Pending editorial review.
The Perverse Incentive Lens™
How this behavior is exploited — and how to redesign around it.
- Treat evals as core engineering practice, not an afterthought.
Pending editorial review.
Pending editorial review.
Interactive Mini Network
Click any neighbor to re-center the graph and follow the threads of connection.
Knowledge Graph Neighbors
Auto-linked to the rest of the Human Behavior Taxonomy by family, domain, dimension, and shared keywords.
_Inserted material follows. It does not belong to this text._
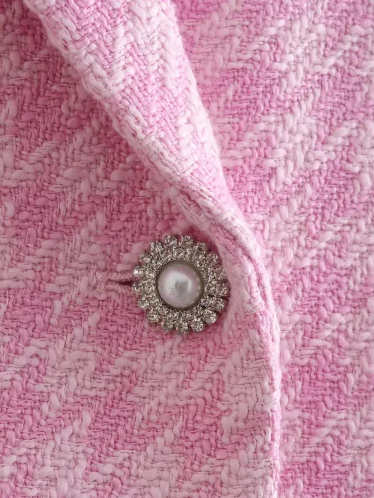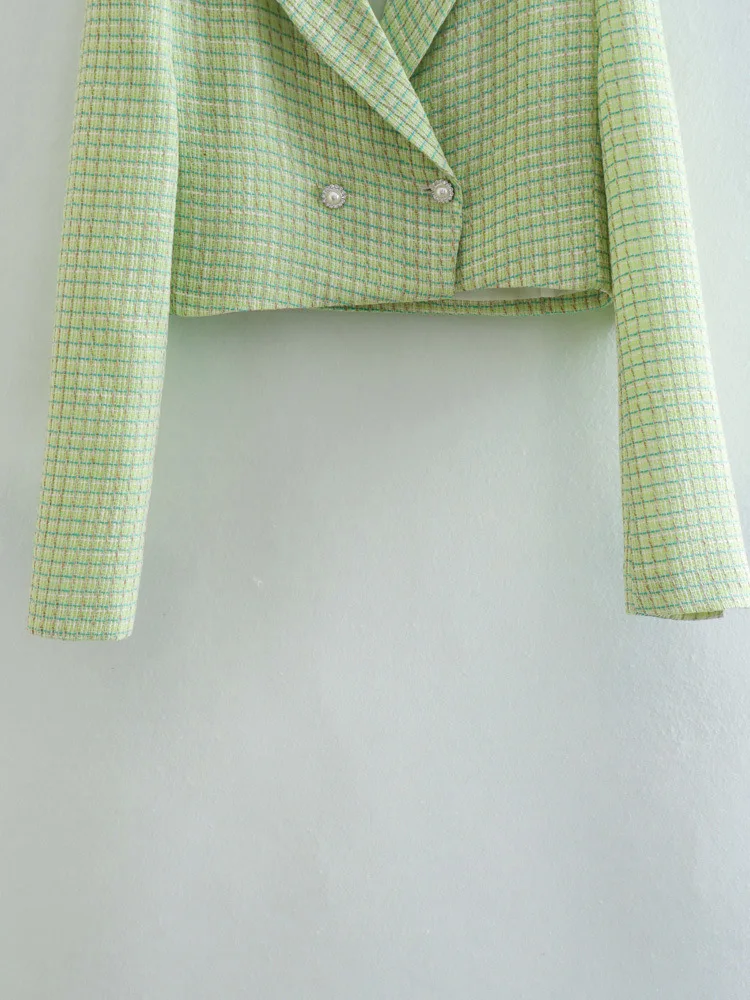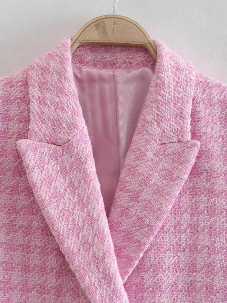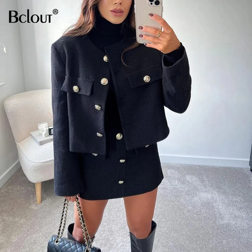 Bclout Female Outerwear+Shorts Skirts Suit Houndstooth Textures Leisure Blazer Coat Long Sleeve 2023 Women Spring Blazer

AI system that takes actions to achieve goals, often across tools.
Designing processes from scratch around AI capability.
The relationship between inputs and outputs changes.
How much input the model can process at once.
Underlying data distribution changes over time.
Vector representation of content for similarity and search.
Evaluation suites that no longer reflect real-world conditions.
Models learning from examples in the prompt.
How much delay the user experience tolerates.
Train a smaller model to imitate a larger one.
Performance degradation as real-world data shifts.
Multiple specialized agents coordinating on tasks.
Where Evaluation Frameworks (Evals) is cited in the corpus
Essays, field guides, and diagnostics from The Incentives Lab that apply this element.
- Field guideIncentives: definition, types, examples
The parent field guide for this element.
- ReferenceThe laws of incentives
Goodhart, Campbell, and the Cobra Effect.
- EssayAI Agents Inherit Your Incentives
How this element propagates into automated systems.
- ReferenceThe incentive glossary
Definitions for every mental model, bias, and fallacy in the corpus.
- CourseIncentives 101
The free ten-part primer on reading a payoff structure.
- ReferenceThe Periodic Table of Human Behavior
The full 1,267-element map this page belongs to.
Questions about Evaluation Frameworks (Evals)
- What is Evaluation Frameworks (Evals)?
- Evaluation Frameworks (Evals) is systematic testing of model quality, safety, and capability. It sits in the Incentives dimension (INC) of the Human Behavior Taxonomy™ as element HBT-INC-0114, within the Workflow family. The core principle: systematic testing of model quality, safety, and capability. In incentive terms, it matters because it changes the payoff people perceive before they choose — which means it can be designed for, or exploited.
- What is an example of Evaluation Frameworks (Evals)?
- AI quality engineering. The Incentives Lab catalogs everyday, organizational, and historical instances of this element on its Human Behavior Taxonomy™ page (HBT-INC-0114).
- How is Evaluation Frameworks (Evals) exploited?
- AI quality engineering.
- How do you design around Evaluation Frameworks (Evals)?
- Treat evals as core engineering practice, not an afterthought.
- Which behavioral dimension does Evaluation Frameworks (Evals) belong to?
- Evaluation Frameworks (Evals) is classified in the Incentives dimension (INC) of the Human Behavior Taxonomy™, family "Workflow", class "AI-Behavioral Coupling". Its permanent identifier is HBT-INC-0114 and its evidence grade is C.